| Data shown |
____________

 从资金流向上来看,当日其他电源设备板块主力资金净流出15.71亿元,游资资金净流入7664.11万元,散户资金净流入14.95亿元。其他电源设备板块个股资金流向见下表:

____________

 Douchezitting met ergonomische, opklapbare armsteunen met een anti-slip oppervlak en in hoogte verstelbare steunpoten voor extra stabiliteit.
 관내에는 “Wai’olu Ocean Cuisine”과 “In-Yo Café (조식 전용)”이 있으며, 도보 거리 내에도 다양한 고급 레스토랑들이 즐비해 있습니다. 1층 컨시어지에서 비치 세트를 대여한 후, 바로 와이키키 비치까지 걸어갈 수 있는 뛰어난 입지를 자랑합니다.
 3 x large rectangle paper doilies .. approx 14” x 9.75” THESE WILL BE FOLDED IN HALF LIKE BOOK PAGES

____________

| Description of the task |
Please make an exact copy of the lines above from the line with "Douchezitting met ergonomische, opklapbare" through the line with "3 x large rectangle", both ends included.

| Response |
 Douchezitting met ergonomische, opklapbare armsteunen met een anti-slip oppervlak en in hoogte verstelbare steunpoten voor extra stabiliteit.
 관내에는 “Wai’olu Ocean Cuisine”과 “In-Yo Café (조식 전용)”이 있으며, 도보 거리 내에도 다양한 고급 레스토랑들이 즐비해 있습니다. 1층 컨시어지에서 비치 세트를 대여한 후, 바로 와이키키 비치까지 걸어갈 수 있는 뛰어난 입지를 자랑합니다.
 3 x large rectangle paper doilies .. approx 14” x 9.75” THESE WILL BE FOLDED IN HALF LIKE BOOK PAGES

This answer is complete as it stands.